Start of DATASET EXCERPTS

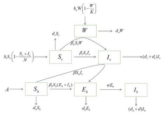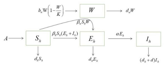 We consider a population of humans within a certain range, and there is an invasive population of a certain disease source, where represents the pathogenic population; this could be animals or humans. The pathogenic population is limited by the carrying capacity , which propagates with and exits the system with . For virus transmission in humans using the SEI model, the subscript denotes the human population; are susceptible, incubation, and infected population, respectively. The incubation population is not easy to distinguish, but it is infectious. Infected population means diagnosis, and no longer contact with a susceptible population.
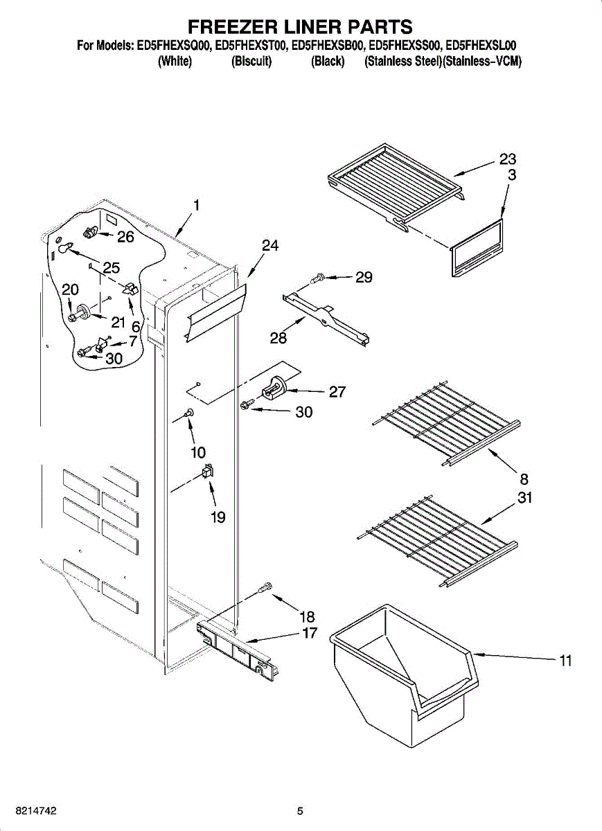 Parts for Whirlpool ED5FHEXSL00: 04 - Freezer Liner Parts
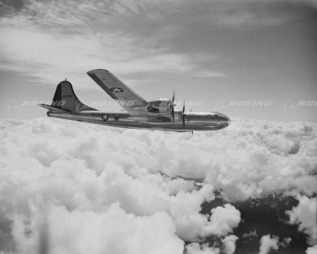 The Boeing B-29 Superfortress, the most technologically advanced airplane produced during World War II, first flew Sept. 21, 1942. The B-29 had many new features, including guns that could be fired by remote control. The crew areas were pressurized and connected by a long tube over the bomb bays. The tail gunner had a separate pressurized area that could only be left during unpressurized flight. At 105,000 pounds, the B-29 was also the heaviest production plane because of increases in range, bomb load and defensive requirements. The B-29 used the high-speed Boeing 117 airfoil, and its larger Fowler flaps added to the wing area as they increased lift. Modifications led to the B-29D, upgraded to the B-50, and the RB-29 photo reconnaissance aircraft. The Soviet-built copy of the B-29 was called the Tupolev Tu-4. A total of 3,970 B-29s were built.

End of DATASET EXCERPTS
Start of DATASET EXCERPTS

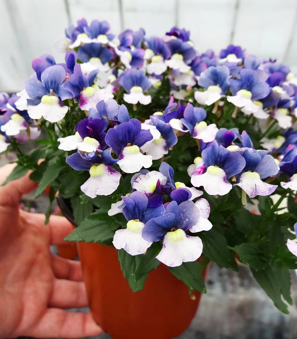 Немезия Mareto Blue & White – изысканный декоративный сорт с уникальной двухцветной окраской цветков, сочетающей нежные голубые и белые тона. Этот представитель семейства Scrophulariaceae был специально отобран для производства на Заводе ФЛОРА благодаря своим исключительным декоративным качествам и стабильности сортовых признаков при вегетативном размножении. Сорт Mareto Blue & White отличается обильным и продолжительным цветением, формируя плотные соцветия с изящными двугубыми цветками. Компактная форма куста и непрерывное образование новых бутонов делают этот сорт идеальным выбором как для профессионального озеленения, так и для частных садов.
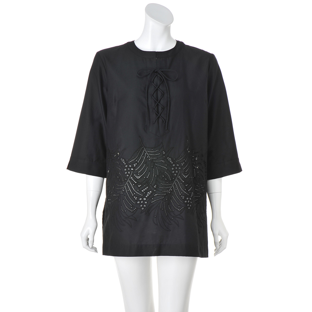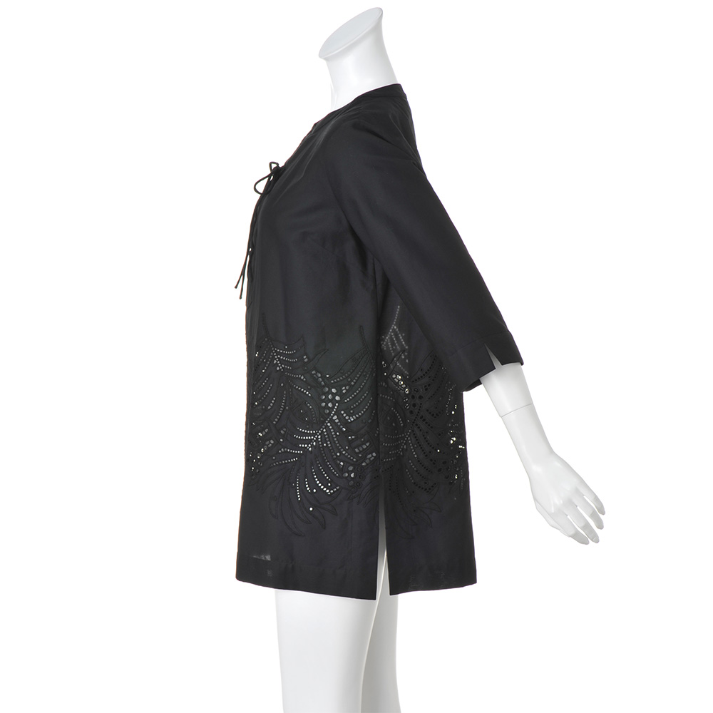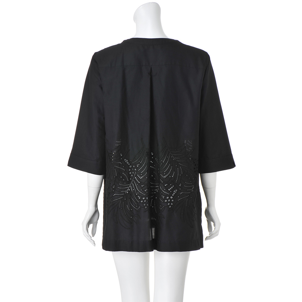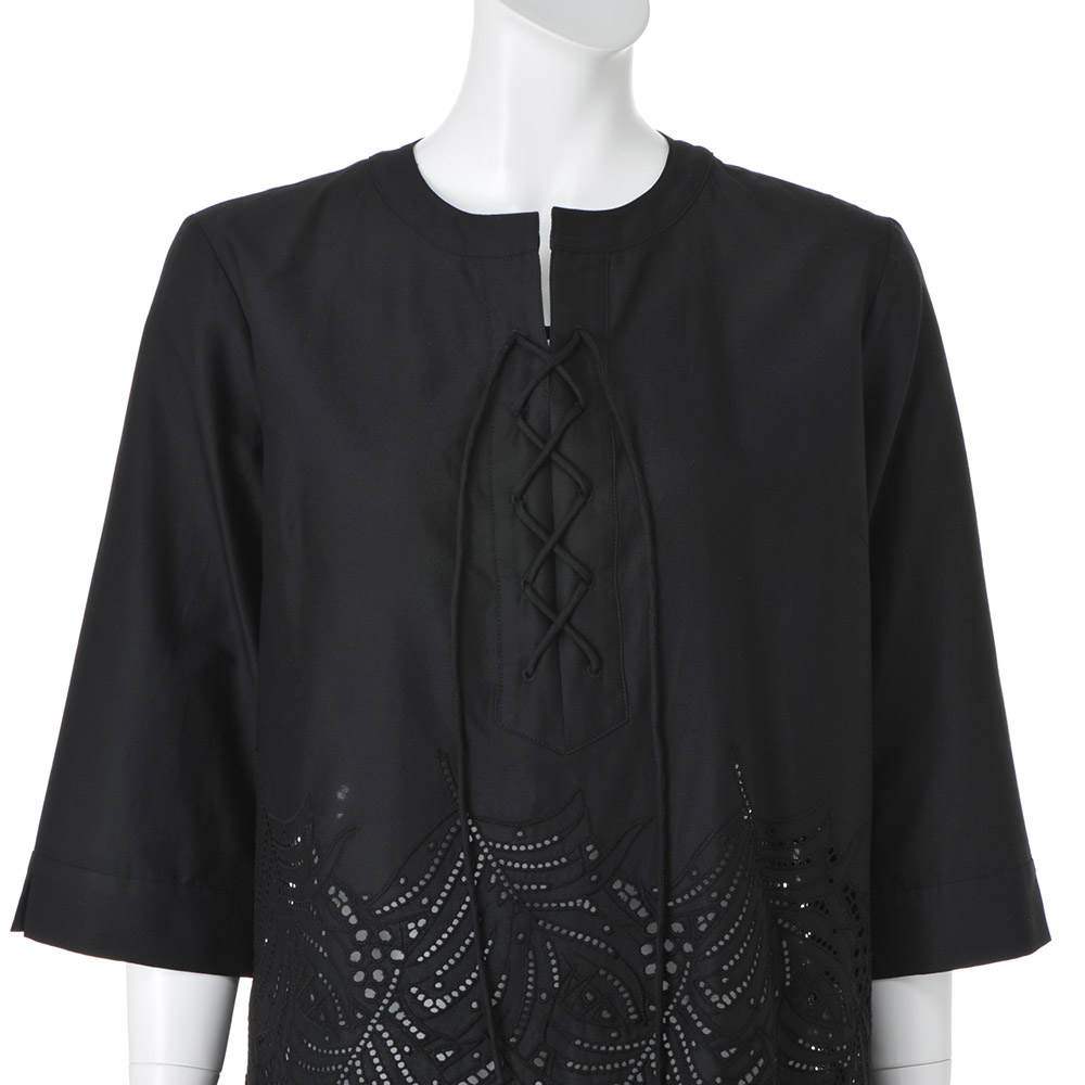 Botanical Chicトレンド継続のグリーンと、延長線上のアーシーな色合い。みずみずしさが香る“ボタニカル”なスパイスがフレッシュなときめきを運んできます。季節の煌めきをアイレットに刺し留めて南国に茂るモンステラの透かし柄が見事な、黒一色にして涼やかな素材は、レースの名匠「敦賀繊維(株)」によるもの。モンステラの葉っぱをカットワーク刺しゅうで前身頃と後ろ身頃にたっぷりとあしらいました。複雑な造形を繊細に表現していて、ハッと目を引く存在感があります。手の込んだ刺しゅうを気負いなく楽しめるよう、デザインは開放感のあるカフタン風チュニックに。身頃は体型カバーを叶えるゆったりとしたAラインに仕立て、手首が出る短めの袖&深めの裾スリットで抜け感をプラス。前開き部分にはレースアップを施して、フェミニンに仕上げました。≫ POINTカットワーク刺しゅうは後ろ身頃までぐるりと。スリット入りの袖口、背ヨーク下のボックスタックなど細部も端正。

End of DATASET EXCERPTS
Start of DATASET EXCERPTS

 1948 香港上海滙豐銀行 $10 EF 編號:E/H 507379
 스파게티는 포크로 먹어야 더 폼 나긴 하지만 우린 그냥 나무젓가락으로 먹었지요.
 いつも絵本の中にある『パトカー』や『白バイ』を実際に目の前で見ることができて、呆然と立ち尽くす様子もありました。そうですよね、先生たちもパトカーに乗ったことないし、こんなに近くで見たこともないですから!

End of DATASET EXCERPTS

__TRY IT__. Find "1948 香港上海滙豐銀行 $10 EF 編號:E/H 507379" in the entries above and copy that whole line exactly, then each line after it through the line that contains "いつも絵本の中にある『パトカ".

__RESULT OF THE TASK__.
 1948 香港上海滙豐銀行 $10 EF 編號:E/H 507379
 스파게티는 포크로 먹어야 더 폼 나긴 하지만 우린 그냥 나무젓가락으로 먹었지요.
 いつも絵本の中にある『パトカー』や『白バイ』を実際に目の前で見ることができて、呆然と立ち尽くす様子もありました。そうですよね、先生たちもパトカーに乗ったことないし、こんなに近くで見たこともないですから!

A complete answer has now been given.